My first post of the new year expressed the hope of a new, better type of marketing inspired by social media and online communities: “Marketing that is truly transparent and honest, that acts with integrity — always. …That will raise the title of ‘marketer’ in the public’s mind at least a few rungs up from its current ranking slightly above used car salesman as the grungiest, most lowly of professions.”
Apparently two professors at the Harvard Business School, Rakesh Khurana and Nitin Nohria, share similar hopes. In a visionary article entitled “The Reinvented Manager,” which appeared in the 1/2009 issue of the Harvard Business Review, German Edition*, Khurana and Nohria make the case for transforming business management into a true profession, including a code of ethics and a supervisory body to oversee professional standards. There would be an exam, like the bar exam all lawyers must pass in the United States, as a prerequisite to practice, and the overseeing organization would have power to censure individuals violating established standards of conduct.
The article is particularly topical in light of the recent excesses of the financial sector, but it reflects the same shift of outlook embodied by online communities, social media and the conversations taking place online thanks to web 2.0 tools. It’s a shift that demands integrity, partnership and responsibility to the community from brands and businesses.

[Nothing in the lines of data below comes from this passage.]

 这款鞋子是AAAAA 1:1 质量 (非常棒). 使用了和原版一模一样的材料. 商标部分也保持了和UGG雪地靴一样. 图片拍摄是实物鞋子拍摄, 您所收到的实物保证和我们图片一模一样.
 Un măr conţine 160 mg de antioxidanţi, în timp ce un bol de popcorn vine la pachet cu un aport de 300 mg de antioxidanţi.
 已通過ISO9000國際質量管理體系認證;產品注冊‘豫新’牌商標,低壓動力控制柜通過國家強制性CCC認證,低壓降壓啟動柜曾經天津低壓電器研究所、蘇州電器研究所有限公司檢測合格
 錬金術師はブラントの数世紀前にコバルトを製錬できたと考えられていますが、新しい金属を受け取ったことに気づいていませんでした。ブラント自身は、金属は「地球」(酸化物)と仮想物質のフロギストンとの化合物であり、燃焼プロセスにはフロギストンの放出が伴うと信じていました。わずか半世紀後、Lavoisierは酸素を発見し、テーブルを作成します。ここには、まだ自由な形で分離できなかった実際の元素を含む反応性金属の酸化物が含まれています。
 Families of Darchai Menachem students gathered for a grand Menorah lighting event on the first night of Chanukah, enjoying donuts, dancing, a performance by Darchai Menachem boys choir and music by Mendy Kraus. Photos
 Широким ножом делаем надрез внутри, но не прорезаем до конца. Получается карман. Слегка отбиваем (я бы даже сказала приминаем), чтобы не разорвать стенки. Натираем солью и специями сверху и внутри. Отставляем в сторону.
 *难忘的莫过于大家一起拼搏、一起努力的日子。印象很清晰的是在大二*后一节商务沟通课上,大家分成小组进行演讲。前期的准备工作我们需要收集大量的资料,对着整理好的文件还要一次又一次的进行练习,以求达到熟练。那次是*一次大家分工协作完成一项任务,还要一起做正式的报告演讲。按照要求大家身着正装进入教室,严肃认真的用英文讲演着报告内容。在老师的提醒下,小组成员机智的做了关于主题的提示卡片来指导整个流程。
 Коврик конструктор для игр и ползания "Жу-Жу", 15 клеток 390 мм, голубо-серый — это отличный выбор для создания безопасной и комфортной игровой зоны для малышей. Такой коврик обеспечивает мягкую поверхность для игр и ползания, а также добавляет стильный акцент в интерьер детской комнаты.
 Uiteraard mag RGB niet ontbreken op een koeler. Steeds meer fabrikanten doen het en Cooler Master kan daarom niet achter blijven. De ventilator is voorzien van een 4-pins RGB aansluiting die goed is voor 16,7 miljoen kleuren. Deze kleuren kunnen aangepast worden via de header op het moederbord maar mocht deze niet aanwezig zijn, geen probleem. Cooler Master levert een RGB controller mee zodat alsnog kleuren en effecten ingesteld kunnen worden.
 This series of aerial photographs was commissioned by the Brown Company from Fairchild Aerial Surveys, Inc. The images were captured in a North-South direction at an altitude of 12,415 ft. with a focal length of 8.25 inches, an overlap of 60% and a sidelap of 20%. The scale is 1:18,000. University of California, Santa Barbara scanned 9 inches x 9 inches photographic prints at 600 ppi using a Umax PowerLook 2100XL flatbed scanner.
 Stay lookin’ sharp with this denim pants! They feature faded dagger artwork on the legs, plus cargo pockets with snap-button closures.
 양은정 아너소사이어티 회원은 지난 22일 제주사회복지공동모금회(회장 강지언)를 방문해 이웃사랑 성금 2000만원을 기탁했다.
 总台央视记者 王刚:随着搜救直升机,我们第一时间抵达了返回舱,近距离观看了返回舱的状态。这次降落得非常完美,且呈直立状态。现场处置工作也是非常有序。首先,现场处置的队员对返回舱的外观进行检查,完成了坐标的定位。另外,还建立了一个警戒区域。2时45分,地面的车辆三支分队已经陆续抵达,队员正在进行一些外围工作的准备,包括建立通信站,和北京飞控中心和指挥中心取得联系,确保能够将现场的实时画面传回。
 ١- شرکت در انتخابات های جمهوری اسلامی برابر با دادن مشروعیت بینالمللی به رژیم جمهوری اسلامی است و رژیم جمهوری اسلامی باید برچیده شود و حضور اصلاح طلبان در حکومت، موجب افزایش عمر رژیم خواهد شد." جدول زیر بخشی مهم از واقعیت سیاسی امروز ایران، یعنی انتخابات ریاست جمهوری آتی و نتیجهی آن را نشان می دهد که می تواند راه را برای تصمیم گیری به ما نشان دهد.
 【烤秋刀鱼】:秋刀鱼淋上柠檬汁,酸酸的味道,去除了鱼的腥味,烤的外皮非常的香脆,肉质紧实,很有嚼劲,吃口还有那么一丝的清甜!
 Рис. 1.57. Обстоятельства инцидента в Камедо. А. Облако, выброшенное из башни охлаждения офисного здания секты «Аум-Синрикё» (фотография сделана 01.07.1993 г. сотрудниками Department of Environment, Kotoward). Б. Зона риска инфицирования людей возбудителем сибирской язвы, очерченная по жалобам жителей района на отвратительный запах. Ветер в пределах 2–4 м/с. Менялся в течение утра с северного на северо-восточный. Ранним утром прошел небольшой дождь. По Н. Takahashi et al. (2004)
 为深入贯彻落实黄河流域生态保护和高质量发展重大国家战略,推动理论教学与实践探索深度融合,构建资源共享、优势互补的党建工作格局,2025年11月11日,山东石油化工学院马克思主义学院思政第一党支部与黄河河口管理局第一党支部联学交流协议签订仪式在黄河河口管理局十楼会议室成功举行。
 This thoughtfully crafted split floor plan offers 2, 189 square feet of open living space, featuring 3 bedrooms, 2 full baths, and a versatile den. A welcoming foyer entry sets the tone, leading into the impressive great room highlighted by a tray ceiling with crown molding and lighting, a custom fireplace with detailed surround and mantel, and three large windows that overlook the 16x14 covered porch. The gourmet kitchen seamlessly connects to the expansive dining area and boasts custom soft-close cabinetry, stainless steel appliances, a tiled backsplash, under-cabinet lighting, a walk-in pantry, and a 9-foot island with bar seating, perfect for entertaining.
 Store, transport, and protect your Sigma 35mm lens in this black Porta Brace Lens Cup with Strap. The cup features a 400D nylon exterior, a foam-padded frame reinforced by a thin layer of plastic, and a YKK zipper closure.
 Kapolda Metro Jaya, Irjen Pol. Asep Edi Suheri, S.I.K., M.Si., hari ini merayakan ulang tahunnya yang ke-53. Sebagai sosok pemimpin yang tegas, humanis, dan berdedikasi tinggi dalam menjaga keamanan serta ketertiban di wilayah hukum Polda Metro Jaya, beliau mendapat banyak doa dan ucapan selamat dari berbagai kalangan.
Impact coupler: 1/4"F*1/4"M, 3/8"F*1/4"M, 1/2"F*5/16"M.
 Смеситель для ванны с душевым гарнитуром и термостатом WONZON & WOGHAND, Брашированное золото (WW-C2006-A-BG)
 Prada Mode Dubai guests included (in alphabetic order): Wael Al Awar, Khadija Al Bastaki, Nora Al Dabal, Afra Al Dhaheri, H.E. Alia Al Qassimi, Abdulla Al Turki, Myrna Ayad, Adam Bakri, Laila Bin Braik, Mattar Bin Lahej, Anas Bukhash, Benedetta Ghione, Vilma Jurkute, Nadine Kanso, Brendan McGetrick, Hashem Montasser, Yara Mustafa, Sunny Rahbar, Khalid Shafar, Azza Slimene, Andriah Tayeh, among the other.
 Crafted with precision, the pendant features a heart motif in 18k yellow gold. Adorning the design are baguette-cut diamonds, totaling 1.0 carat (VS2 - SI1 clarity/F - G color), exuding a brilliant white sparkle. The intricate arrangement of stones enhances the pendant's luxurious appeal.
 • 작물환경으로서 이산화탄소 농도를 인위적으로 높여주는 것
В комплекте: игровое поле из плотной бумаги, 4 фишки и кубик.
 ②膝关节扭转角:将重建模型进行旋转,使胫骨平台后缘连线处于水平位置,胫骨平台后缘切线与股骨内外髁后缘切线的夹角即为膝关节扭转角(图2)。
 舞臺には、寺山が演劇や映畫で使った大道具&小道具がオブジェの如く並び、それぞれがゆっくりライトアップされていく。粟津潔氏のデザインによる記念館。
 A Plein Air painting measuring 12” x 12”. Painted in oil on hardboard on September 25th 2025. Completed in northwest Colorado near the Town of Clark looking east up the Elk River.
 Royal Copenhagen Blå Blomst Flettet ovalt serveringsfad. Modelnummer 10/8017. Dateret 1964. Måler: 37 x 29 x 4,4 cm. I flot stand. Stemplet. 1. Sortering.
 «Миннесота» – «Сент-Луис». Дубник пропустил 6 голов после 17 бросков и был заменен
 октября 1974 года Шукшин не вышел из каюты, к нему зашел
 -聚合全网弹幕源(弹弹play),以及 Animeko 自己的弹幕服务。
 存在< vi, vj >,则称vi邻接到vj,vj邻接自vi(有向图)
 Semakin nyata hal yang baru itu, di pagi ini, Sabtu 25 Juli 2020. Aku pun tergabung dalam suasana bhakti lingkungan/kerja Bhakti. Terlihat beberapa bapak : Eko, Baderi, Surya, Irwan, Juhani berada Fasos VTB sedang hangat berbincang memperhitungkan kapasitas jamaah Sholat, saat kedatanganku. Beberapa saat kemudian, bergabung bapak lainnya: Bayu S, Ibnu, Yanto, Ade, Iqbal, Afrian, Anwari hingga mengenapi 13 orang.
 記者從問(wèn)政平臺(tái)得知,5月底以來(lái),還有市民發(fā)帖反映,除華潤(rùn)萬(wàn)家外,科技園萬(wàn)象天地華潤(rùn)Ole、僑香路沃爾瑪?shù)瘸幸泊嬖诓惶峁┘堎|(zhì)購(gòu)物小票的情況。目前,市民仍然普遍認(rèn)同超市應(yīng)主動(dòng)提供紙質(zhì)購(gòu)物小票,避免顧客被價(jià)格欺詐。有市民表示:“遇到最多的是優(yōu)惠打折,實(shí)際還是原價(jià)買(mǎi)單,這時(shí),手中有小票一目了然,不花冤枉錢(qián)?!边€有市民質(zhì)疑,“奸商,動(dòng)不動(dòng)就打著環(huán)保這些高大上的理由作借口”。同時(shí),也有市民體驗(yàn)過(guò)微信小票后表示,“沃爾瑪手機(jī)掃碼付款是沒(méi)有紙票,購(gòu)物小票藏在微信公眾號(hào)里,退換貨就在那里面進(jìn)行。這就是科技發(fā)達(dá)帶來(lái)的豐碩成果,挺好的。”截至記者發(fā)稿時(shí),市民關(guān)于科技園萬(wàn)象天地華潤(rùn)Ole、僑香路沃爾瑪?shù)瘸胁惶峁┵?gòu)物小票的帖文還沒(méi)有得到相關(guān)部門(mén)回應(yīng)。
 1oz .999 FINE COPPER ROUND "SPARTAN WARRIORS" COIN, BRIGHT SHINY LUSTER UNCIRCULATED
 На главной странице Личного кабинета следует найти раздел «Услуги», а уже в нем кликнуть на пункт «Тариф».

Here are some of the most interesting and thought-provoking perspectives from the article:
Over the past ten years there as been a decline in the self-control of, and ensuing trust in, business. Managers have lost much legitimacy. They will only regain society’s trust by rejecting the economic philosophy that management’s sole concern should be the maximization of shareholder value, while markets and government take care of the rest. (Milton Friedman be damned!)
Managers should serve a higher purpose — society as a whole. They “should view society as their real customer and strive ultimately to provide society with sustainable businesses that create value.”
To the question whether codes of ethics are actually effective, the authors reference the American political scientist, Robert Axelrod. According to the article, Axelrod has shown that a defined and unified ethical framework and shared professional ideals influence behavior decisively. Khurana and Nohria conclude that “Morally impeccable behavior is an important component of the self-image of professionals (like doctors and lawyers) and most will seek to preserve this sense of professional self.” (Doctors maybe. Not sure about lawyers.) “We know from the social sciences that people’s actual behavior is strongly influenced by the expectations that are placed upon them.”
The authors go on to provide a draft for a “Hippocratic Oath for Managers.” This is my favorite part of the oath from a consumer-centric, social media point of view:
“I will undertake to represent my company’s performance correctly and transparently to all relevant parties, in order to make certain that investors, consumers (my italics) and the general public are able to make informed decisions.”
Khurana and Nohria elaborate on the challenges that the establishment of business management as a profession would face. But they believe these can be overcome and their vision achieved. Above all, they are convinced it is necessary, an idea whose time has come. They don’t pretend that this would eradicate all marketing transgressions in future. But they do argue convincingly that it could bring about a meaningful and worthwhile shift for the better.
*The original article appeared in Harvard Business Review, October 2008, under the title, “It’s Time to Make Management a True Profession.” Reprint or PDF available at Harvard Business Publishing. Quoted passages are my translation from the German.